Complementary Metamaterial Sensor for Nondestructive Evaluation of Dielectric Substrates

Abstract

In this paper, complementary metamaterial sensor is designed for nondestructive evaluation of dielectric substrates. The design concept is based on electromagnetic stored energy in the complementary circular spiral resonator (CCSR), which is concentrated in small volume near the host substrate at resonance. This energy can be employed to detect various electromagnetic properties of materials under test (MUT). Effective electric permittivity and magnetic permeability of the proposed sensor is extracted from scattering parameters. Sensitivity analysis is performed by varying the permittivity of MUT. After sensitivity analysis, a sensor is fabricated using standard PCB fabrication technique, and resonance frequency of the sensor due to interaction with different MUT is measured using vector network analyzer (AV3672series). The transcendental equation is derived for the fabricated sensor to calculate relative permittivity for unknown MUTs. This method is very simple and requires calculating only the resonant frequency, which reduces the cost and computation time.

1. Introduction

Recently there has been increased growth in utilization of microwave sensors to improve quality assurance in various fields like food [1], healthcare [2], agriculture [3], and environment [4]. Advantages like low cost, ease of fabrication, robust design, and integration with other microwave devices are the main reasons for the popularity of microwave sensors based on complementary metamaterials (MTMs) [5]. Complementary MTMs are manufactured artificially and their properties depend on structure and orientation rather than composition. The first complementary MTM structure was introduced by F. Falcone et al. in 2004 [6] by applying duality argument on split ring resonator (SRR), which was introduced by Pendry et al. as a resonant magnetic particle in 1999 [7]. SRR consisted of two concentric copper rings having a small gap between them and split in each ring to support resonance.
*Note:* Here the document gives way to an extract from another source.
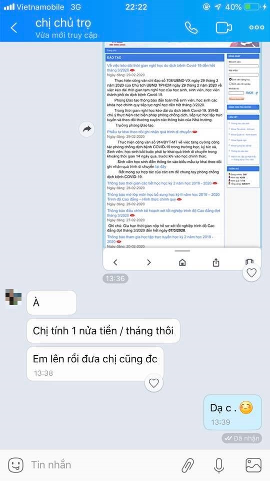 Sau khi nhận được thông báo về việc tiếp tục nghỉ học từ khách thuê trọ, chị chủ này quyết định chơi lớn khi chỉ tính tiền nửa tháng thuê nhà. Bên cạnh đó còn căn dặn bạn này khi nào lên ở rồi đưa sau cũng được

SRR acts as an LC resonator where the circumference of metallic rings provide inductance while the gap between the rings and splits provides the capacitance. The resonance frequency of SRR depends on the size of splits, diameter, and gap between the rings. Meanwhile, complementary split ring resonator (CSRR) is a negative image of SRR, which can be obtained by etching out SRR from a metallic plate. The intrinsic circuit and excitation model for isolated and coupled SRR and CSRR structures have already been discussed in Ref. [8].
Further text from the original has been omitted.